Monday, June 8, 2009

And Away!


One benefit of working on antique machines is long render times. A sequence which would take five minutes on a newer computer can take hours on one that's just a few years old.

Two hours of waiting, plenty of time to skip out to the movies.

Prior to sneaking out to see "Up", I had only see a couple feature films from Pixar. I liked the fish one, it hit all the right marks. The superhero one left me cold, if I were a 12 year old it may have seemed clever.

"Up" starts out strong enough. A real human, in a real state. Even though its a little sappy, its a well earned.

The first ten, fifteen minutes establish a concrete reality. I don't mean a house-flying or not-house-flying reality, I mean the old guy behaves in a recognizably human fashion. And it's not a kiddie movie. What eight year old knows the long ache of bygone love?
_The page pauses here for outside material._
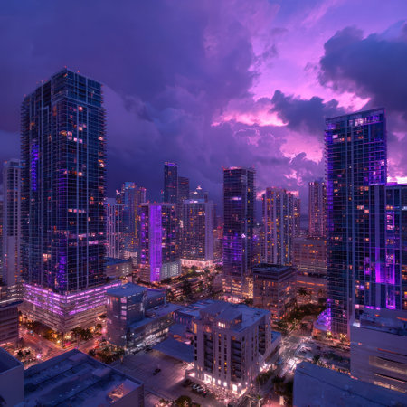 A vibrant cityscape showcases numerous illuminated skyscrapers under a dramatic sky. The scene features various buildings with purple lighting, creating a striking contrast against the dark sky. This composition utilizes a high-angle perspective, possibly suitable for architectural, travel, and editorial projects.

It's a cheap emotion, for sure, but it's a real emotion -reminiscent of Jonas Odell's "Family and Friends" -a little dark, a little humorous.


Then, in the lingua franca of the internet - WTF? "Up" is less a hot air balloon, more of a 30,000 foot drop into kiddie film. The craft of the writing is evident -people laugh at jokes that aren't clever or remotely funny because they are properly timed and executed.

Here's what bugs me. Romeo and Juliet, you know Romeo and Juliet, they fall in love but their families will kill one another if they find out. This grim fact colors and forces every action that follows. In "Up" we've got this old guy set on remembering his wife in a grand fashion, there's a kid that tags along (because it seems like the buddy film is the new Broadway musical)and then we get unnecessary hijinx.

I'll admit, I hate the hijinx. I like the crabby old man.

Here's the real thing: the old man, in the presence of his childhood hero, his dead wife's childhood hero, the catalyst for their love decides FOR NO REASON AT ALL to obstruct the hero's seemingly innocent (if obsessive) quest for redemption thus throwing away all hope of finishing his own quest.

Beyond the first section, I found the film to be a mess of cuteness and unmotivated characters. Big disappointment, especially compared to "Finding Nemo" which used many of the same tropes but maintained emotional realism throughout.

Notice how I hadn't mentioned the "Real 3D". It's a creatively bankrupt gimmick which adds absolutely nothing, and possibly detracts from the film experience.

And the "balloon" musical theme is noticeably overused and not very good.

1 comment:

Elliot Cowan said...

I thought it was mostly boring.

It's an attempt to animate David Lynch's "A Straight Story".